Figure 1: Arcitecta Archive (AAR) file supports parallel compression and decompression

AAR detects errors at the partial file level, enabling recovery of parts of an archive (non-corrupt files, or non-corrupt segments of files) in the event that part of the archive has become corrupted by the storage system(s).

Archive formats including ZIP, TAR.GZ and ISO images are also supported.

Parallel I/O

Mediaflux Desktop utilises parallel I/O for transmitting data to the Mediaflux server. This works for both direct file transmission, and/or streaming the output for on-the-fly archive generation.

Parallel I/O increases performance for wider area network transmission, and also improves performance for local area network transmission by ensuring the network is fully utilised. The parallel I/O system can be configured to specify the number of concurrent packet transmissions.

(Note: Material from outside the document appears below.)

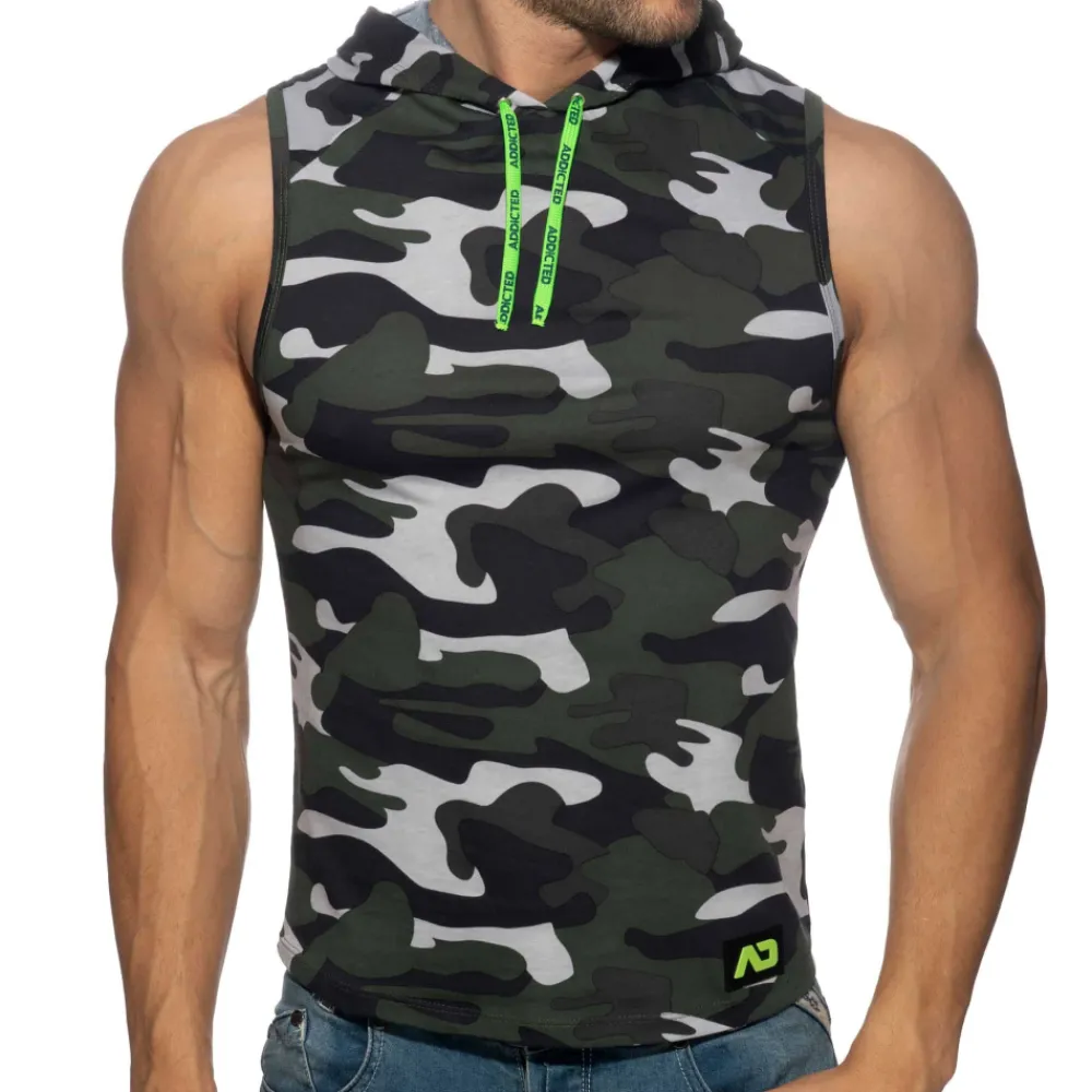 Addicted Débardeurs-Débardeur à Capuche Bande Logo Camouflage

During upload to the server, data can be transmitted and arrive out of sequence - it is properly ordered within Mediaflux before passing to the service to receive/process the data.

Hierarchical Storage Management

Hierarchical storage management (HSM) offers a tiered virtual storage environment, allowing data to be automatically directed to the most cost effective storage tier. Mediaflux has the following capabilities in conjunction with third party HSM:

  • Reporting in which tier particular data is located
  • Explicitly migrating data from one tier to another.

These capabilities can be used with queries to allow metadata to drive HSM migration. For example, a query that utilises geospatial and other metadata might be constructed to migrate all data relating to a particular geospatial area for a project to high speed disk.

When migrating a file on-line, the entire file or specific byte ranges may be migrated.

Putting it All Together

These features can be used in combination to streamline the ingestion of data as illustrated below.

Optimised Ingest

Figure 2: Example optimised ingest storage workflow

The ingest process is as follows:

  1. The file system compiler bundles files into archives. The user simply drags and drops a directory
  2. The file system compiler packages data into one or more archives at the specified compression level
  3. The file system compiler transmits the data to the server using parallel I/O
  4. The server optionally extracts the table of contents from the archive and stores it in the database for later browsing
  5. The data is committed to storage - the data is cached on the HSM disk as it arrives from the client, ensuring no extra copy overhead is incurred.
Optimised Egest

Figure 3. Example optimised egest storage workflow

The egest process is as follows:

  1. A user or application searches for data using a query. The content of the archive can be browsed using the on-line table of contents, without retrieving the data from the HSM
  2. The user requests specific files from within the archive
  3. The server requests the requisite byte ranges for those files from the storage system - HSM in this case
  4. The files are extracted (without decompressing) from the archive and transmitted to the client
  5. The data is re-inflated as it arrives at the network boundary of the client computer.